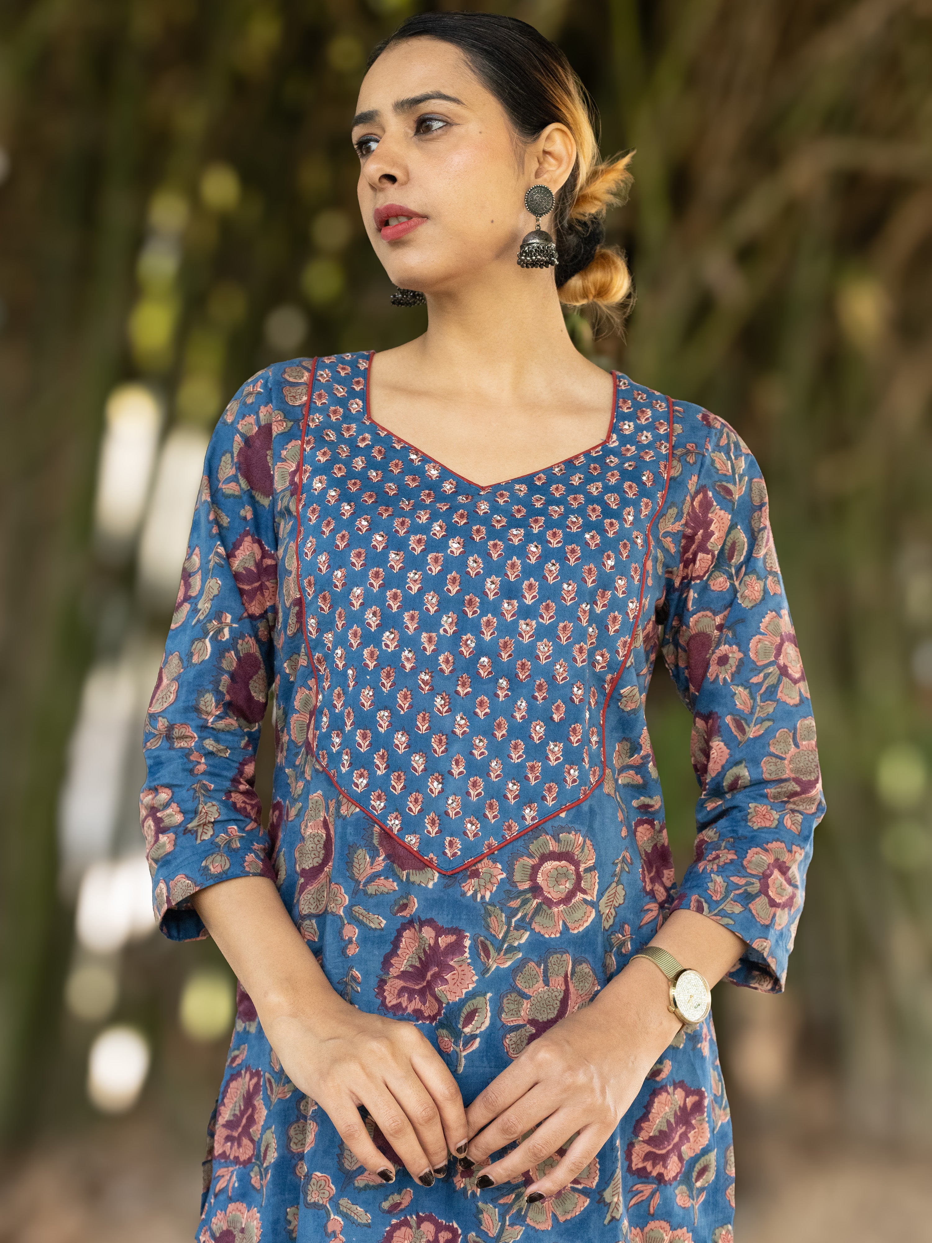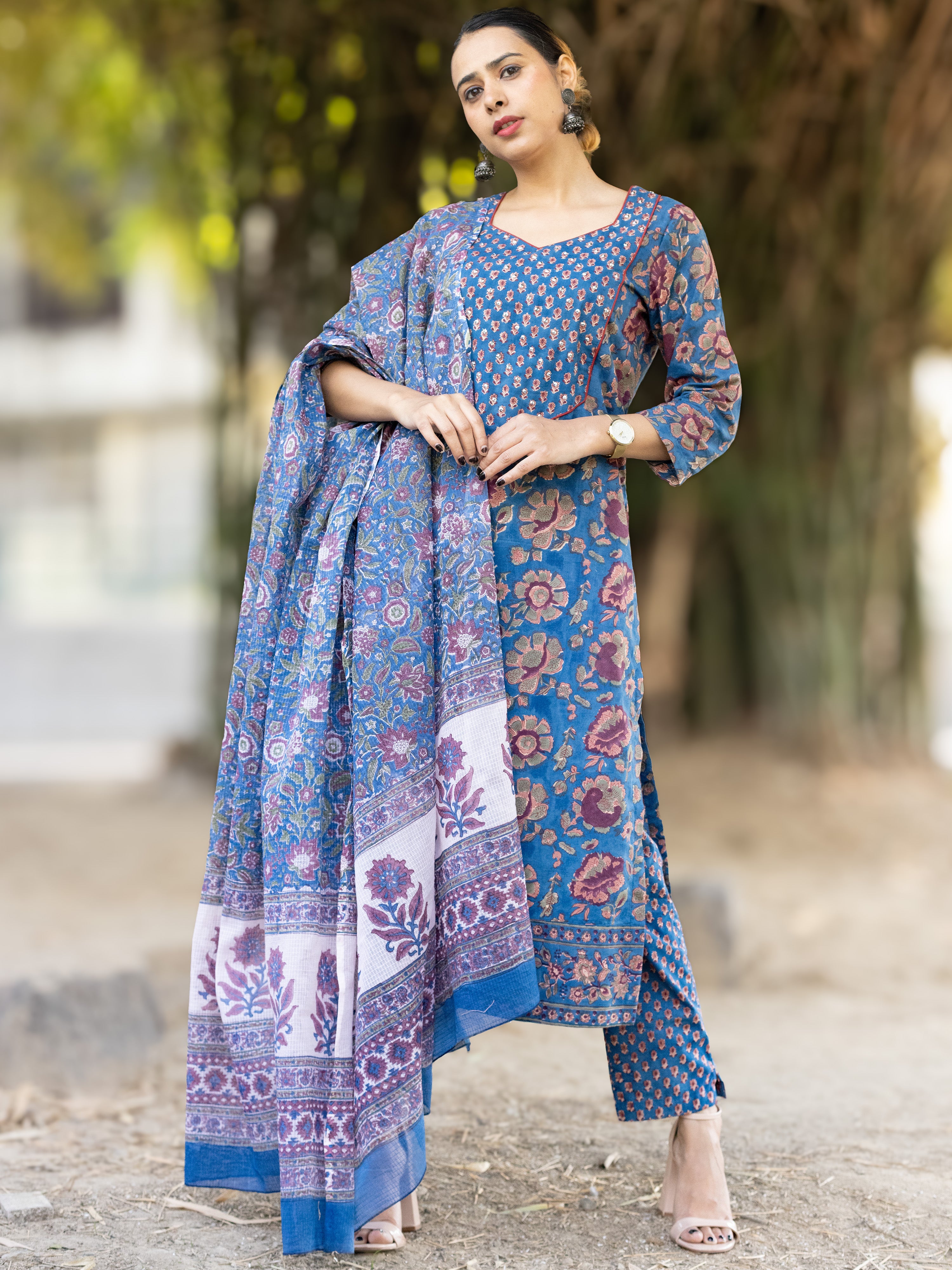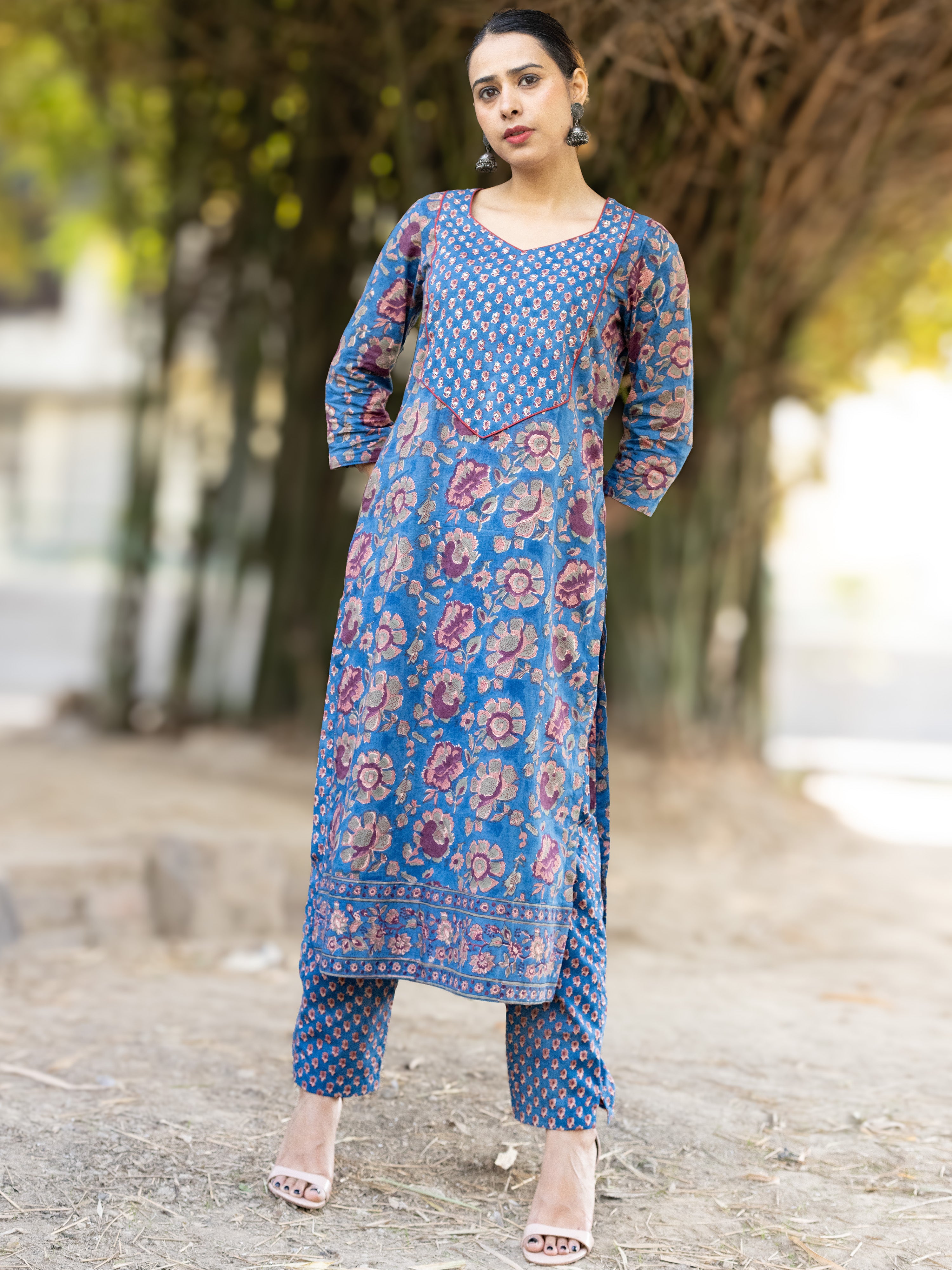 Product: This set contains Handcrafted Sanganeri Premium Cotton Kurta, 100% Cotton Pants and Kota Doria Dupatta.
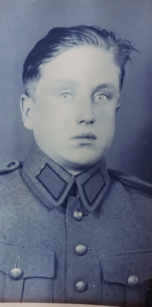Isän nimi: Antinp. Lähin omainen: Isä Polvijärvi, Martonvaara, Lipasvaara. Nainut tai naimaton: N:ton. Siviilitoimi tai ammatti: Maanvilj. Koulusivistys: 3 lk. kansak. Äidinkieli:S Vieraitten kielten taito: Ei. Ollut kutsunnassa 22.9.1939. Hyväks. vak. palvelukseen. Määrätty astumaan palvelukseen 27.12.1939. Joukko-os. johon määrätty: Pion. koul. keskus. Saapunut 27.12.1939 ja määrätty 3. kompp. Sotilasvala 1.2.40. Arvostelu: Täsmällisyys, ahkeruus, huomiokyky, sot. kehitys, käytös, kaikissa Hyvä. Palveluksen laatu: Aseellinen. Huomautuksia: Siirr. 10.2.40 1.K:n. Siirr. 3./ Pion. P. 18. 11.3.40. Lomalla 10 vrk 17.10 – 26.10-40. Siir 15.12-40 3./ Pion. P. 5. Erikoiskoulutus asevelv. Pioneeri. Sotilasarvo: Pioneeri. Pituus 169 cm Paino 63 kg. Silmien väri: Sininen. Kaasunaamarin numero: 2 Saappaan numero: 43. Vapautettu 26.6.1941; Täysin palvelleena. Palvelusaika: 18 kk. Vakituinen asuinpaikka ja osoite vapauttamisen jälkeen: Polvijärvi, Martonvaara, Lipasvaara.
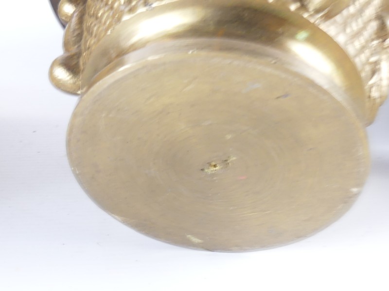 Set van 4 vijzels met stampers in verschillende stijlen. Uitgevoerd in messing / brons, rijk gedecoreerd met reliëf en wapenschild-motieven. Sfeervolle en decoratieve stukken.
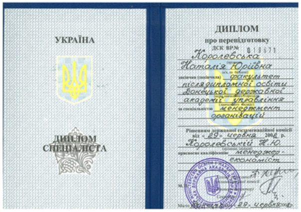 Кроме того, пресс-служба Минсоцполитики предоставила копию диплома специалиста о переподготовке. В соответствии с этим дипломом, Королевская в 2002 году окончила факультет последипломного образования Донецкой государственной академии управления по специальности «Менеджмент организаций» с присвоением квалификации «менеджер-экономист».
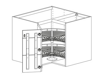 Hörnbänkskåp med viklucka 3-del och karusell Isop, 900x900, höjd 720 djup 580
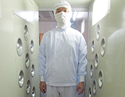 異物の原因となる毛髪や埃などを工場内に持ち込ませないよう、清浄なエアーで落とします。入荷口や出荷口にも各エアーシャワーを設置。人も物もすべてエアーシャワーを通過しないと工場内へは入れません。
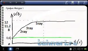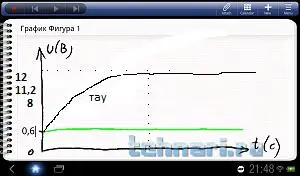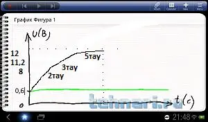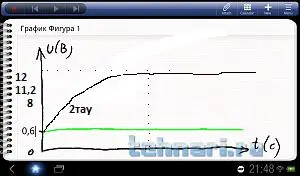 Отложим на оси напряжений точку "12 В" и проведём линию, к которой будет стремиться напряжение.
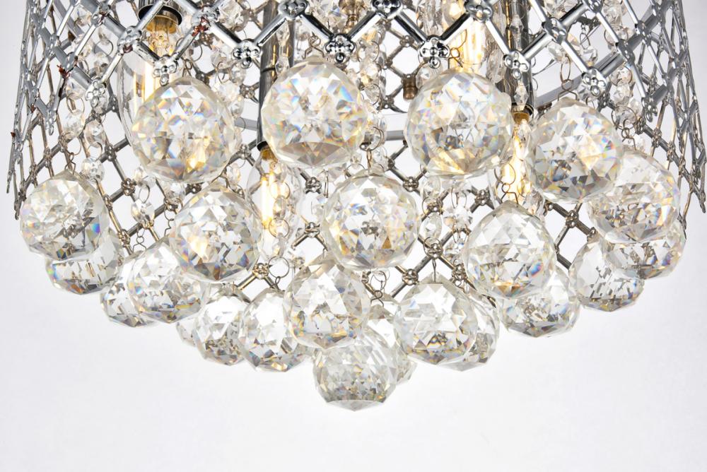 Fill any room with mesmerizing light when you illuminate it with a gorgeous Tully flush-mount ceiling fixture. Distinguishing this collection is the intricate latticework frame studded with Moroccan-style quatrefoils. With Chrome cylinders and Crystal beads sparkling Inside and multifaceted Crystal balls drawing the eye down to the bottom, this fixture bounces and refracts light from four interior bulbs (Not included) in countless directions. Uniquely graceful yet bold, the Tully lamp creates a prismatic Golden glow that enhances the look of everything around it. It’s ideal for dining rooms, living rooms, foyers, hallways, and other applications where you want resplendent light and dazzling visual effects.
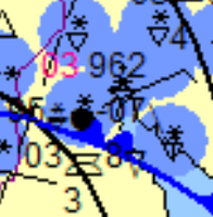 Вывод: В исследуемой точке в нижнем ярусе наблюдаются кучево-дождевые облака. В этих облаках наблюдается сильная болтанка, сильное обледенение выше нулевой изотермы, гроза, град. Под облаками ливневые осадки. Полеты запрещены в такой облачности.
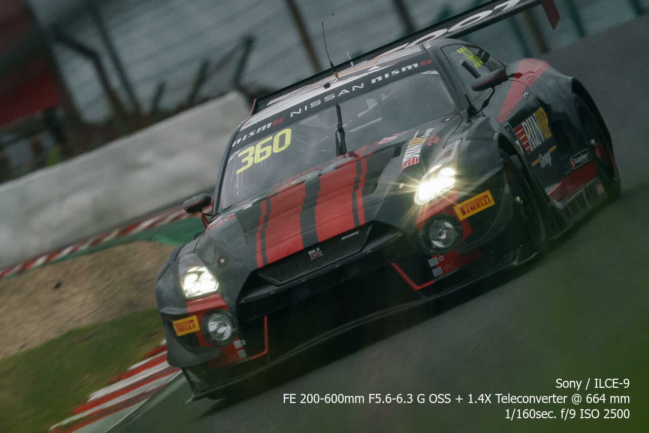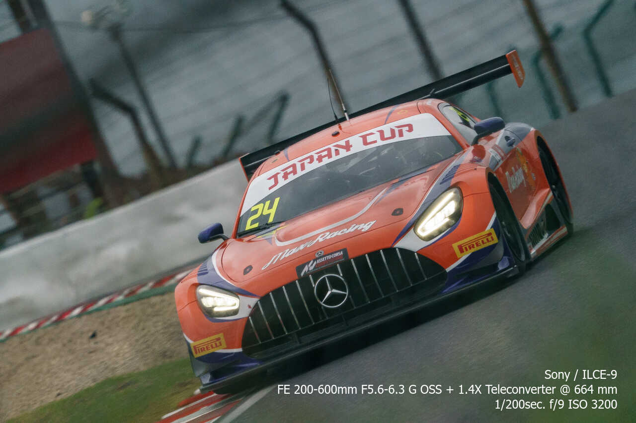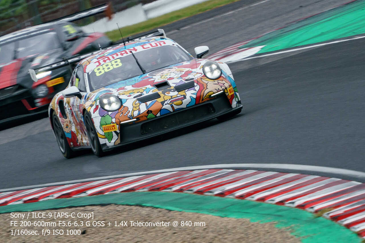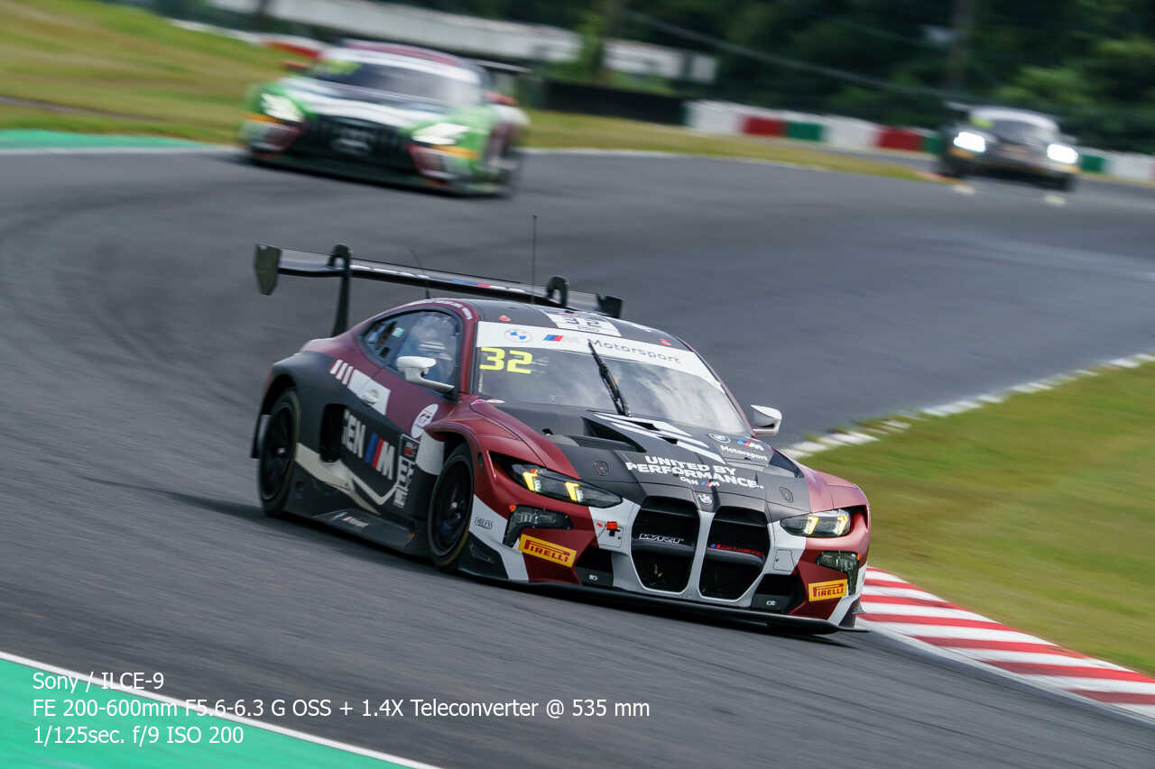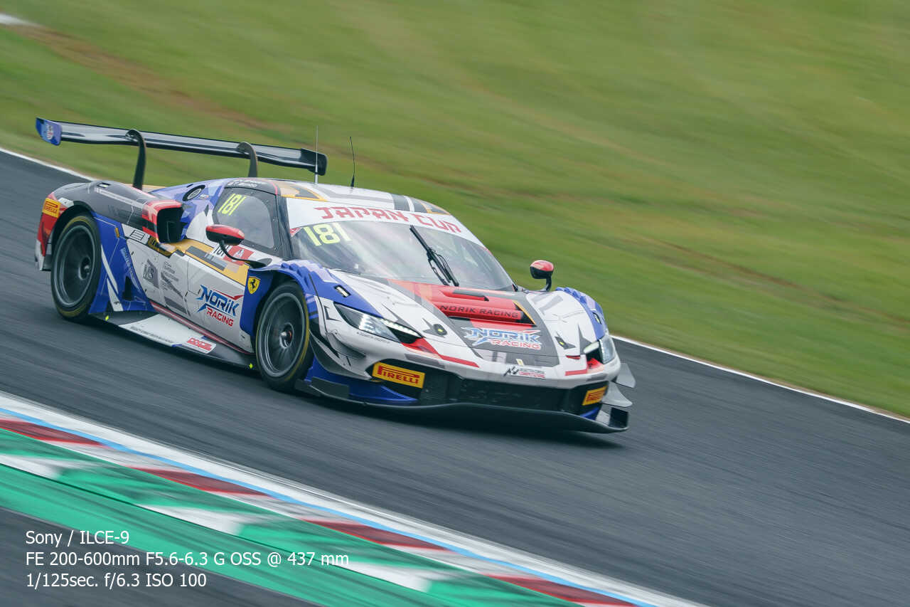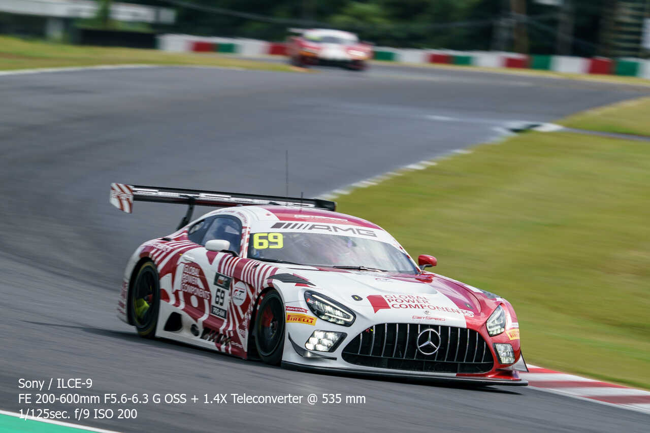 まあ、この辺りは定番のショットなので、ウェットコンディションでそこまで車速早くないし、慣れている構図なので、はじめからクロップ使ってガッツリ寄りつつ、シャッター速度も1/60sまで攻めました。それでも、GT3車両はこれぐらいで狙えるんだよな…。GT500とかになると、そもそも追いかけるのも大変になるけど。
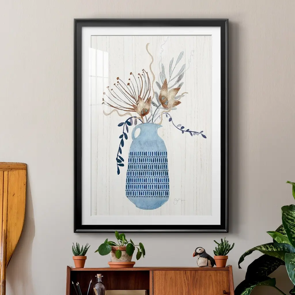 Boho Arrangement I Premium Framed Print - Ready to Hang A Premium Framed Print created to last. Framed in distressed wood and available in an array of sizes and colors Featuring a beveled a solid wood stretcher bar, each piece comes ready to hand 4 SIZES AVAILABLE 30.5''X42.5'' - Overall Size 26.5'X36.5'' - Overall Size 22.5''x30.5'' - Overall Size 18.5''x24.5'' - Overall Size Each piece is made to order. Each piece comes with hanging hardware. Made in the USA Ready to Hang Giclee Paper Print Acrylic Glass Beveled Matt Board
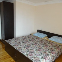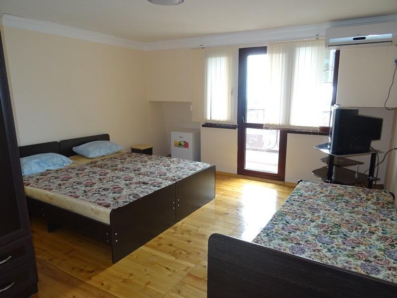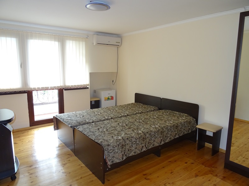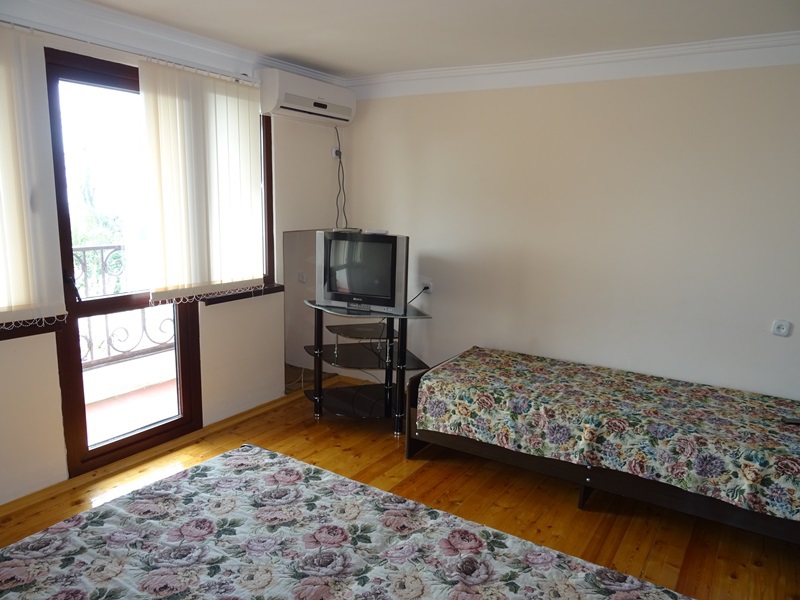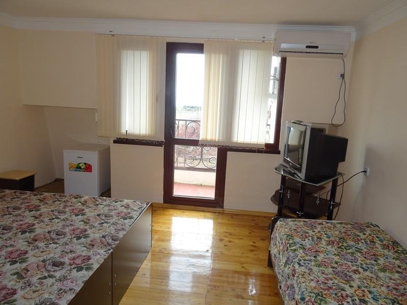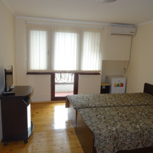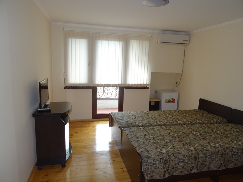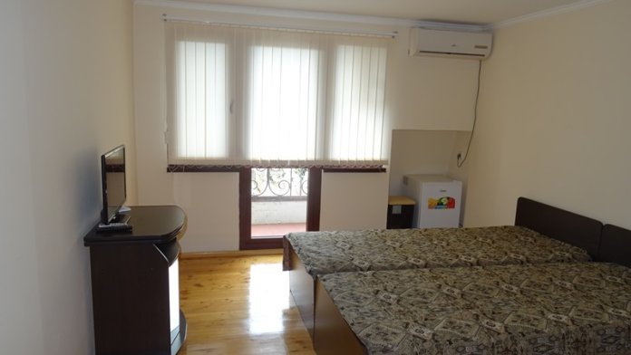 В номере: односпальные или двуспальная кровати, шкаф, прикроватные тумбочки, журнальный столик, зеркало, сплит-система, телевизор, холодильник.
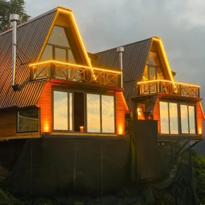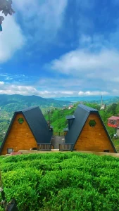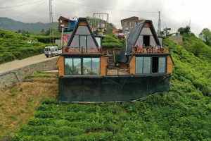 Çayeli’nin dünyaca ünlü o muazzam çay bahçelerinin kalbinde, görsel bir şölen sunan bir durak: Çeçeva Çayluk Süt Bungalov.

Exercise prompt →
Output only the lines above from the line that holds "異物の原因となる毛髪や埃など" through the line that holds "Отложим на оси", both ends included, and exclude pictures.

Answer section →
 異物の原因となる毛髪や埃などを工場内に持ち込ませないよう、清浄なエアーで落とします。入荷口や出荷口にも各エアーシャワーを設置。人も物もすべてエアーシャワーを通過しないと工場内へは入れません。
 Отложим на оси напряжений точку "12 В" и проведём линию, к которой будет стремиться напряжение.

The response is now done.